**EXERCISE PROMPT**.
Everything in the listing below needs restating exactly, apart from the pictures.

#### GIVEN INFORMATION

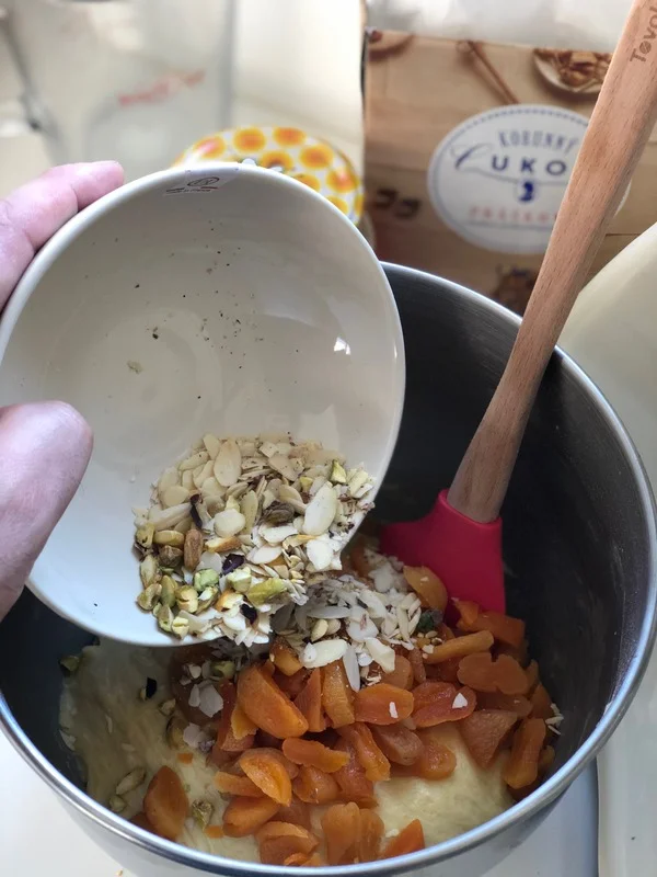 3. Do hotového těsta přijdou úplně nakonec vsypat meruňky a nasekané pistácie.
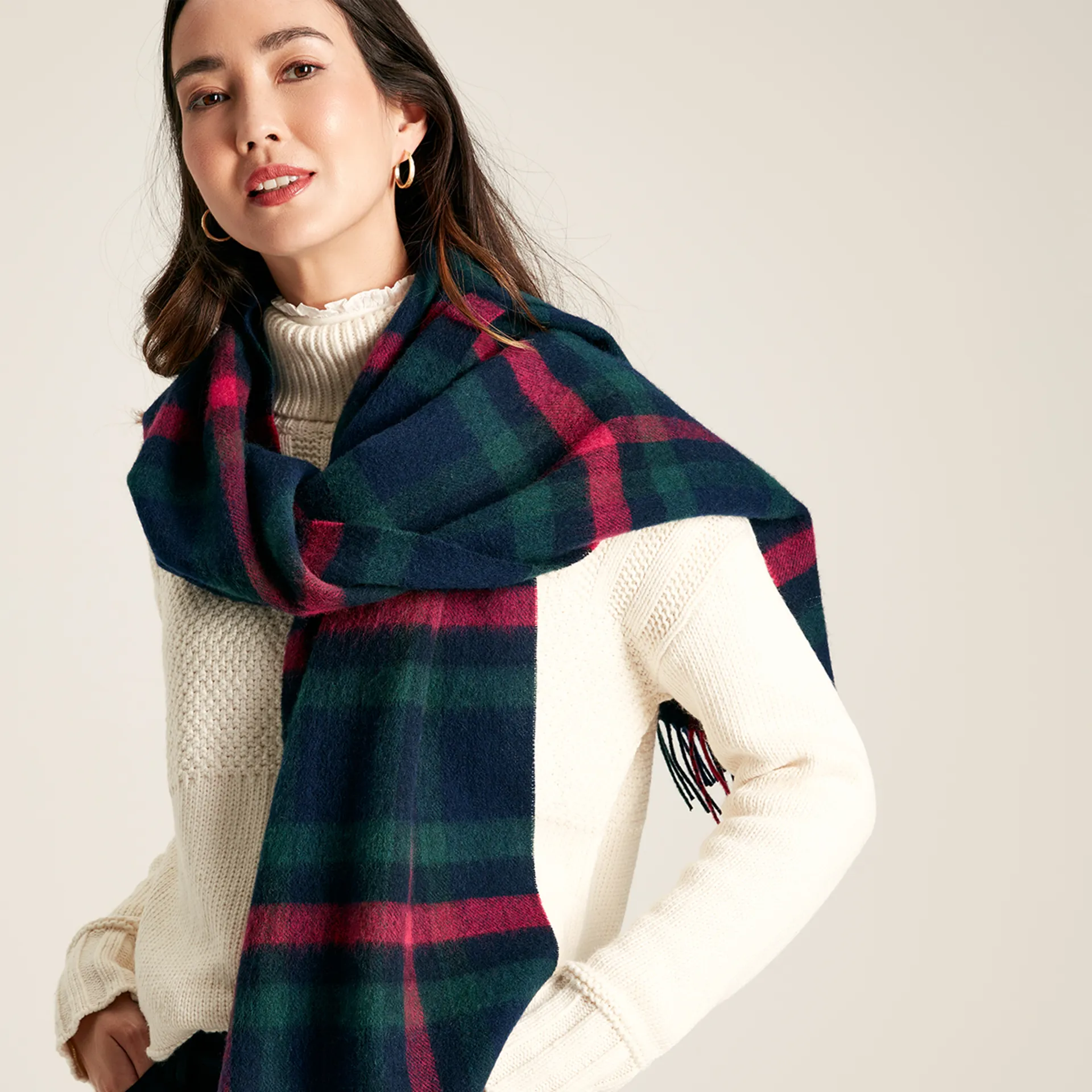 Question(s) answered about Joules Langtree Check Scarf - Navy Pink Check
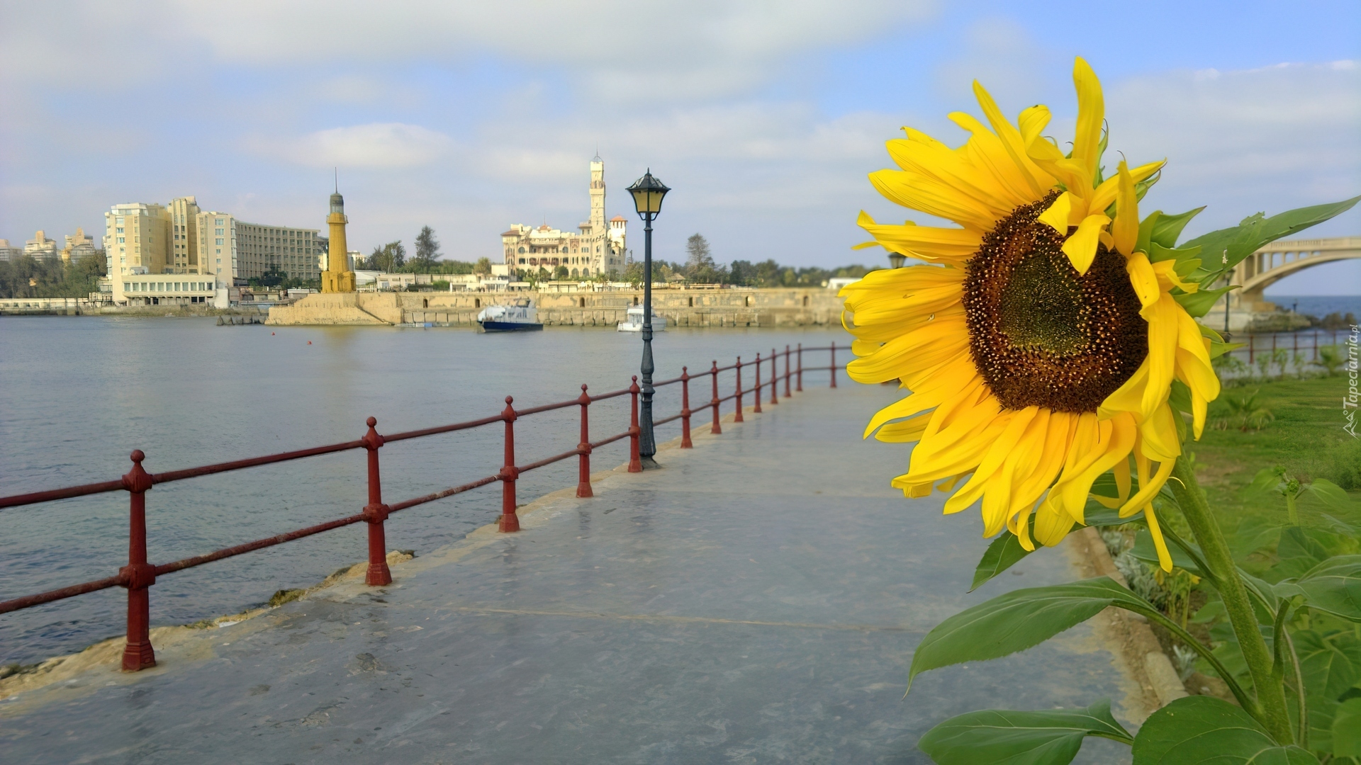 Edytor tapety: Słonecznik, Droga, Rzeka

########

**OUTPUT OF THE TASK**.
 3. Do hotového těsta přijdou úplně nakonec vsypat meruňky a nasekané pistácie.
 Question(s) answered about Joules Langtree Check Scarf - Navy Pink Check
 Edytor tapety: Słonecznik, Droga, Rzeka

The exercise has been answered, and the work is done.